Start of Given records

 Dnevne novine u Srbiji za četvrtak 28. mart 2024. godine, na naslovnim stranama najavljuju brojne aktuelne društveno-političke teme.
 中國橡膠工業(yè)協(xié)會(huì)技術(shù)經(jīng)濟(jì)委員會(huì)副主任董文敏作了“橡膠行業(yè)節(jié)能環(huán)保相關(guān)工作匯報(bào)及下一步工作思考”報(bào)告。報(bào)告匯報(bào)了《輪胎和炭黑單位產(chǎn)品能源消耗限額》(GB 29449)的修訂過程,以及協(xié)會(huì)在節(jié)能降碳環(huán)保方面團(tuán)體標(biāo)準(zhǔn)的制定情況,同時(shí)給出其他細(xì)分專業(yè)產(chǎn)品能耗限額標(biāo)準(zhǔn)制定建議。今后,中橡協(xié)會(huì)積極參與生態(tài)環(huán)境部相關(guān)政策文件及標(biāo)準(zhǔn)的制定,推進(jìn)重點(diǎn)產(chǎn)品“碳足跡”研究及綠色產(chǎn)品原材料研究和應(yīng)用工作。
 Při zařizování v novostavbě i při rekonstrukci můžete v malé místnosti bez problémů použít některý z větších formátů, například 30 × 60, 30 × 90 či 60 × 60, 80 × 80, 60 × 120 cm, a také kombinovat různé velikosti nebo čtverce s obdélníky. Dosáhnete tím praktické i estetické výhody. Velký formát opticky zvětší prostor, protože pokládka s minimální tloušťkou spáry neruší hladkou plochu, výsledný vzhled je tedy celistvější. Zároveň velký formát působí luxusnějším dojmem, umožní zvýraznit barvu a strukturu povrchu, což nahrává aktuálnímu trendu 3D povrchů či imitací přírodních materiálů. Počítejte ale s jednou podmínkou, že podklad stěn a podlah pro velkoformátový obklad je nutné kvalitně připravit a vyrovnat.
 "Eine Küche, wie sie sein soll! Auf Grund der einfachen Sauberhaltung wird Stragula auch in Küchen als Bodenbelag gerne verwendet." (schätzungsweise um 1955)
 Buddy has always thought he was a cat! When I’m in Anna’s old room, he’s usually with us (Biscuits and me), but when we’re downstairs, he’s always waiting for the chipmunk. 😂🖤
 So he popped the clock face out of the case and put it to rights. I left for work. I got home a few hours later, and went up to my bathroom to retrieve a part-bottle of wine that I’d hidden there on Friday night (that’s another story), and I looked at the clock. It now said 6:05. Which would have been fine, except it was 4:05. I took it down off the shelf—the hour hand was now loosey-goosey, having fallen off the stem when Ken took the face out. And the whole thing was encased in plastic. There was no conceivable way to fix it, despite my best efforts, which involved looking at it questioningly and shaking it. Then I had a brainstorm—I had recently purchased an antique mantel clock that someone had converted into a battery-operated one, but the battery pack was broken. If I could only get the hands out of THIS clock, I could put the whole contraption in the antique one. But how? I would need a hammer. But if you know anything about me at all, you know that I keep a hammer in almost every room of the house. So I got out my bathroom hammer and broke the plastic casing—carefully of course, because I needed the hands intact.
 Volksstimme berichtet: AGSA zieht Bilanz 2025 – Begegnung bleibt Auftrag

End of Given records

### What you will do
Print the data above exactly as it reads.

### Answer
 Dnevne novine u Srbiji za četvrtak 28. mart 2024. godine, na naslovnim stranama najavljuju brojne aktuelne društveno-političke teme.
 中國橡膠工業(yè)協(xié)會(huì)技術(shù)經(jīng)濟(jì)委員會(huì)副主任董文敏作了“橡膠行業(yè)節(jié)能環(huán)保相關(guān)工作匯報(bào)及下一步工作思考”報(bào)告。報(bào)告匯報(bào)了《輪胎和炭黑單位產(chǎn)品能源消耗限額》(GB 29449)的修訂過程,以及協(xié)會(huì)在節(jié)能降碳環(huán)保方面團(tuán)體標(biāo)準(zhǔn)的制定情況,同時(shí)給出其他細(xì)分專業(yè)產(chǎn)品能耗限額標(biāo)準(zhǔn)制定建議。今后,中橡協(xié)會(huì)積極參與生態(tài)環(huán)境部相關(guān)政策文件及標(biāo)準(zhǔn)的制定,推進(jìn)重點(diǎn)產(chǎn)品“碳足跡”研究及綠色產(chǎn)品原材料研究和應(yīng)用工作。
 Při zařizování v novostavbě i při rekonstrukci můžete v malé místnosti bez problémů použít některý z větších formátů, například 30 × 60, 30 × 90 či 60 × 60, 80 × 80, 60 × 120 cm, a také kombinovat různé velikosti nebo čtverce s obdélníky. Dosáhnete tím praktické i estetické výhody. Velký formát opticky zvětší prostor, protože pokládka s minimální tloušťkou spáry neruší hladkou plochu, výsledný vzhled je tedy celistvější. Zároveň velký formát působí luxusnějším dojmem, umožní zvýraznit barvu a strukturu povrchu, což nahrává aktuálnímu trendu 3D povrchů či imitací přírodních materiálů. Počítejte ale s jednou podmínkou, že podklad stěn a podlah pro velkoformátový obklad je nutné kvalitně připravit a vyrovnat.
 "Eine Küche, wie sie sein soll! Auf Grund der einfachen Sauberhaltung wird Stragula auch in Küchen als Bodenbelag gerne verwendet." (schätzungsweise um 1955)
 Buddy has always thought he was a cat! When I’m in Anna’s old room, he’s usually with us (Biscuits and me), but when we’re downstairs, he’s always waiting for the chipmunk. 😂🖤
 So he popped the clock face out of the case and put it to rights. I left for work. I got home a few hours later, and went up to my bathroom to retrieve a part-bottle of wine that I’d hidden there on Friday night (that’s another story), and I looked at the clock. It now said 6:05. Which would have been fine, except it was 4:05. I took it down off the shelf—the hour hand was now loosey-goosey, having fallen off the stem when Ken took the face out. And the whole thing was encased in plastic. There was no conceivable way to fix it, despite my best efforts, which involved looking at it questioningly and shaking it. Then I had a brainstorm—I had recently purchased an antique mantel clock that someone had converted into a battery-operated one, but the battery pack was broken. If I could only get the hands out of THIS clock, I could put the whole contraption in the antique one. But how? I would need a hammer. But if you know anything about me at all, you know that I keep a hammer in almost every room of the house. So I got out my bathroom hammer and broke the plastic casing—carefully of course, because I needed the hands intact.
 Volksstimme berichtet: AGSA zieht Bilanz 2025 – Begegnung bleibt Auftrag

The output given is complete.